Me acababan de diagnosticar diabetes tipo 1.

A los 15 años aprendí que era valiosa porque mis amigos pensaban que era “flaca”. Sí, era delgada, pero las suposiciones que conlleva ser delgado y las cosas que la gente me decía me llevaron a una relación muy desordenada con la comida y mi cuerpo.

¿Por qué asumimos que las personas delgadas no luchan con su propia imagen ni necesitan manejar la cantidad de alimentos que comen? Estas suposiciones causaron estragos en mi salud mental durante años.

“ESTÁS DELGADA, ENTONCES PUEDES COMER LO QUE QUIERAS”

A los 16 años, lloré hablando por medio de la pared de un vestidor de Old Navy con mi papá, porque había pasado de una talla 0 a una talla 2. Mis amigos pensaron que me estaban haciendo un cumplido cuando me decían que tenía mucha suerte de que podía “comer lo que quisiera” porque era delgada. La verdad era que no podía comer todo lo que quisiera y mantener esa talla.

Aun así, comía tanto helado como quería. Pasé por la pubertad y subí el peso que decían que no subiría.

Subí la mayor cantidad de peso que he llegado a tener más tarde ese año. Y junto con eso, desarrollé dismorfia corporal severa. La dismorfia corporal tiende a ser un término general, pero para mí significaba que pensaba que era más grande de lo que era y que no sería valiosa ni atractiva si seguía aumentando de peso. Pensaba que nadie me querría si no pensaban que era hermosa, lo cual asociaba con ser delgada.

A los 17 años, era talla 6. Los cumplidos cesaron. Una amiga me dijo que yo era “proporcional”.  Sí era proporcional y estaba saludable. Aun así, pensé que era un insulto. Viniendo de otra adolescente, el comentario se sintió pasivo-agresivo. Estábamos en el bachillerato y ahora sé que ella estaba proyectando sus propias inseguridades sobre mí. Su intención no era lastimarme.
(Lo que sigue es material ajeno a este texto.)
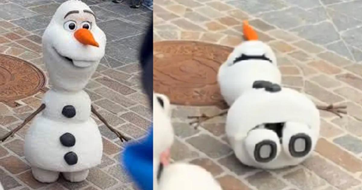 La magia de Disney no siempre funciona. Que se lo digan a Olaf, el muñeco de nieve más famoso de la película Frozen, al que parece que la llegada de la primavera no le ha sentado nada bien. Ya sabemos que la nieve es más propia del invierno, pero las imágenes que ha generado el entrañable muñeco en Disneyland París hace unos días han dado la vuelta al mundo por su desmayo, colapso, muerte o lo que haya sucedido con él cuando estaba siendo el centro de atención.
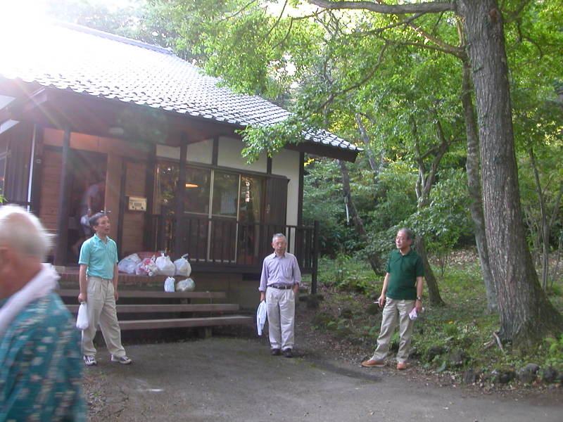 温泉には3台の車でいきましたが、K谷号が夕食の買いだしに先に行くことになりました。他の車は先に帰って、碁でも打っていることになりまいた。早速話がきまって、K谷号の人たちは出発しました。あとの人はゆっくり、歓談して、そろそろ、行こうかとたちあがったところ、、、、、「あーー!家の鍵はだれがもってるの?」「K谷さんだよ。まいったなー」これではしめだされ状態です。。まだ駐車場にいるかもしれない、、と、走っていってみると、Y野さんも気がついたか、鍵をもってきました。「あー、よかった。。」これで、鍵をもって、無事に別荘に戻れます。ところが、他の人は、まだ鍵をもらったことに気がついてなかったので、ずいぶんと出発にてまどりました。 |
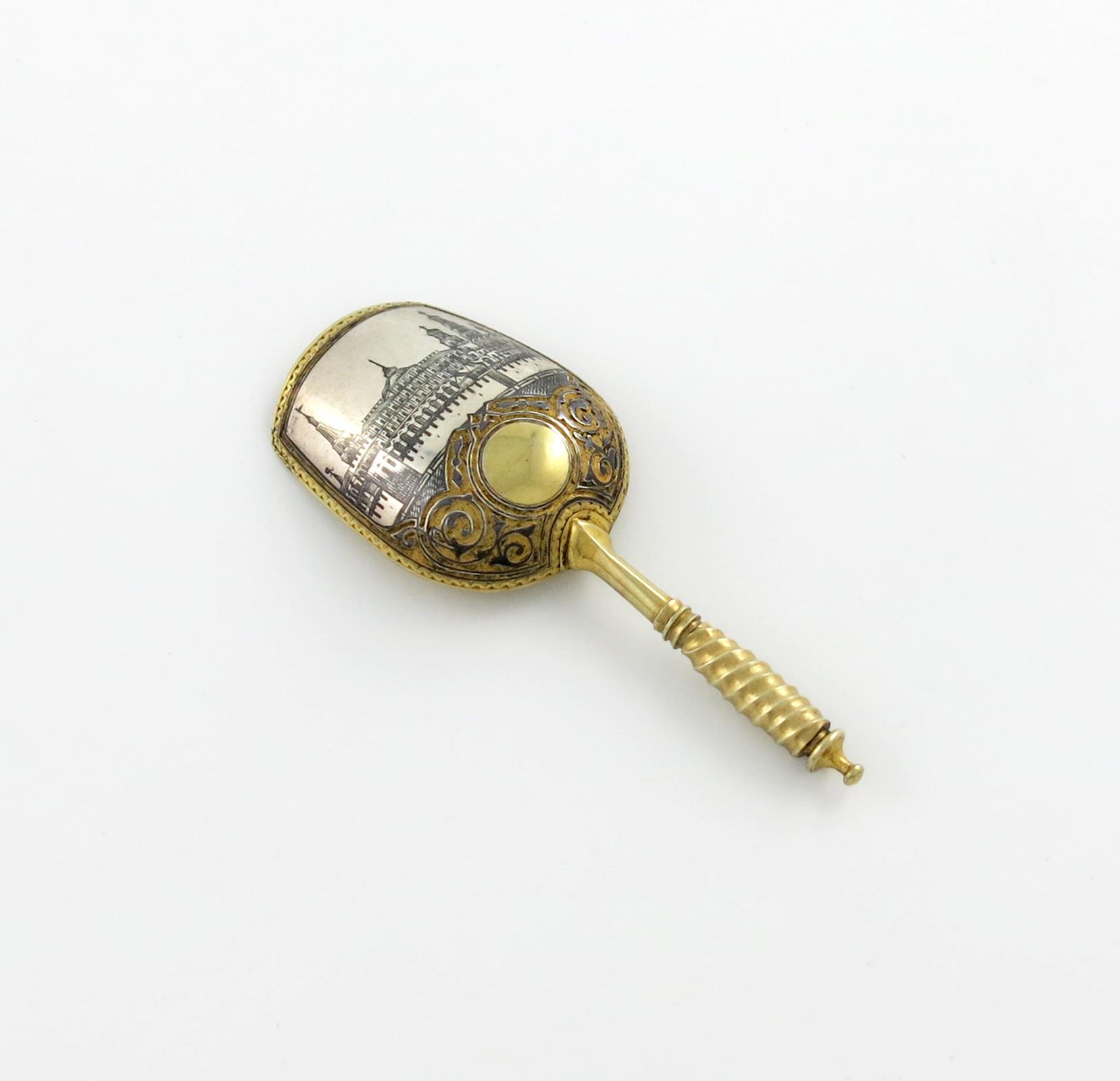 shovel form, the reverse of the bowl with a Moscow architectural scene on a silver background, twisted handle, length 9.1cm, approx. weight 0.7oz.
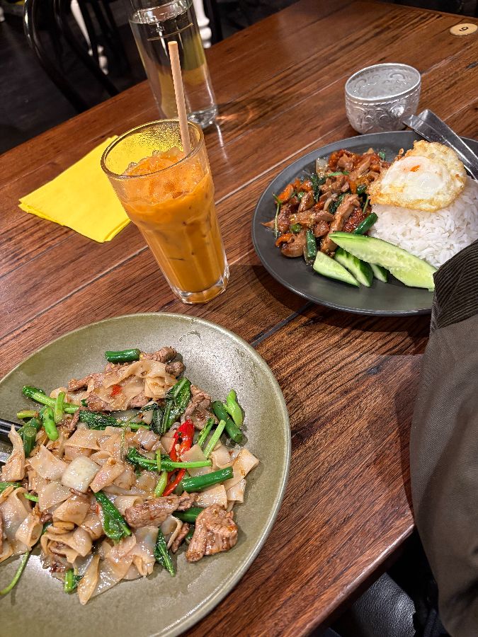 테이블에 놓인 타이 밀크티와 태국 요리들이 테이블 위에서 따뜻한 분위기를 연출하고 있습니다.
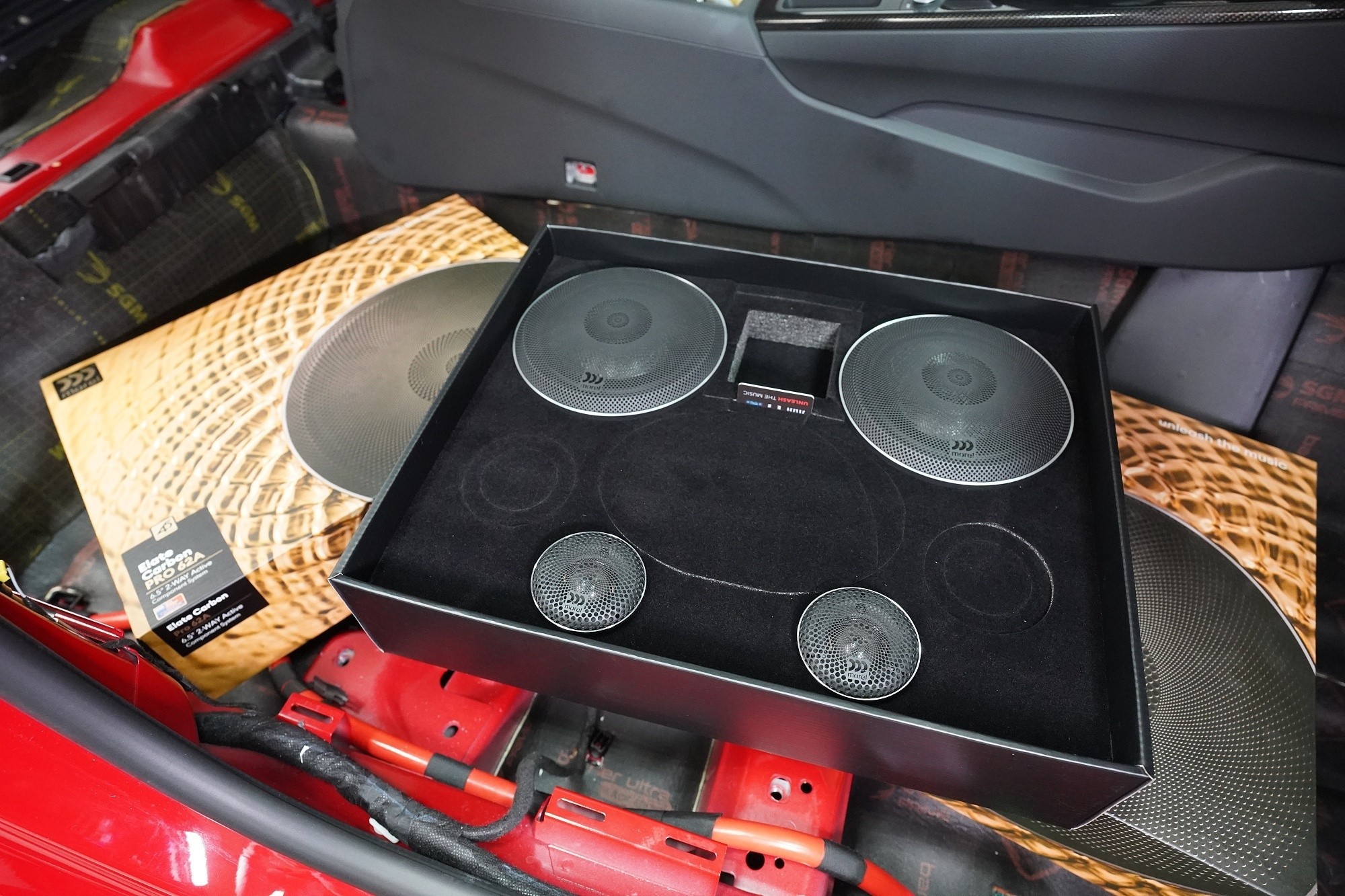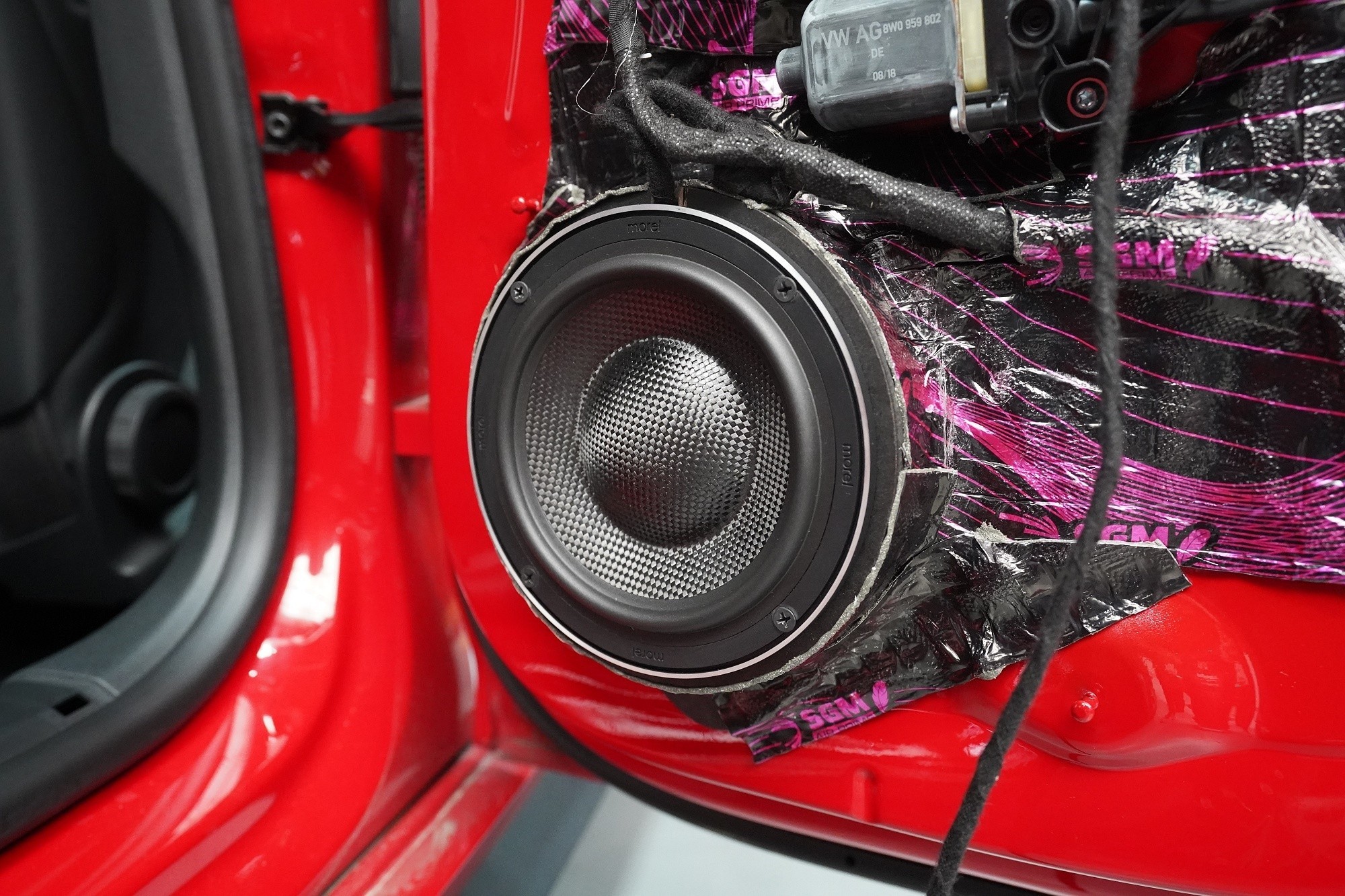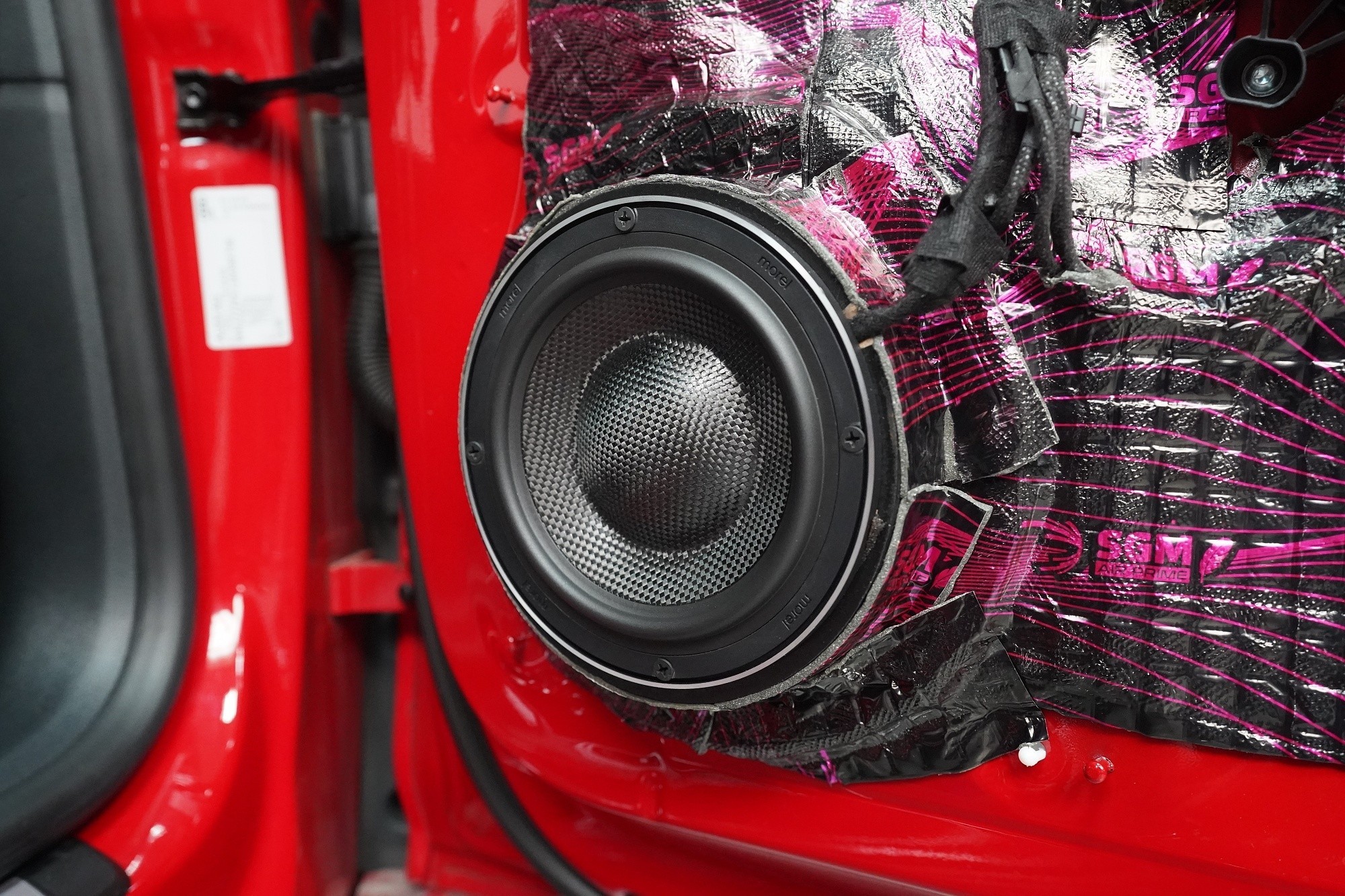 Morel Elate Carbon Pro 62A a Elate Carbon 62, to jsou špičkové reproduktory z druhé nejvyšší řady izraelské značky Morel, které nainstalujeme do předních a zadních dveří tohoto vozu. Přední reproduktory zapojíme v aktivním režimu a pro zadní reproduktory využijeme vysoce kvalitní výhybku od Morelu.

Dejé de administrarme insulina por completo durante una semana ese año porque pensé que me ayudaría a perder peso y a “volver a ser atractiva”. No me ayudó a perder peso y fue increíblemente peligroso. Este no es un método que nadie deba usar para intentar perder peso. Podría haber caído fácilmente en cetoacidosis diabética (CAD) si hubiera continuado. Casi vomité y perdí el conocimiento en medio de una clase de oratoria porque me estaba privando de todo lo que mi cuerpo necesitaba: insulina y comida.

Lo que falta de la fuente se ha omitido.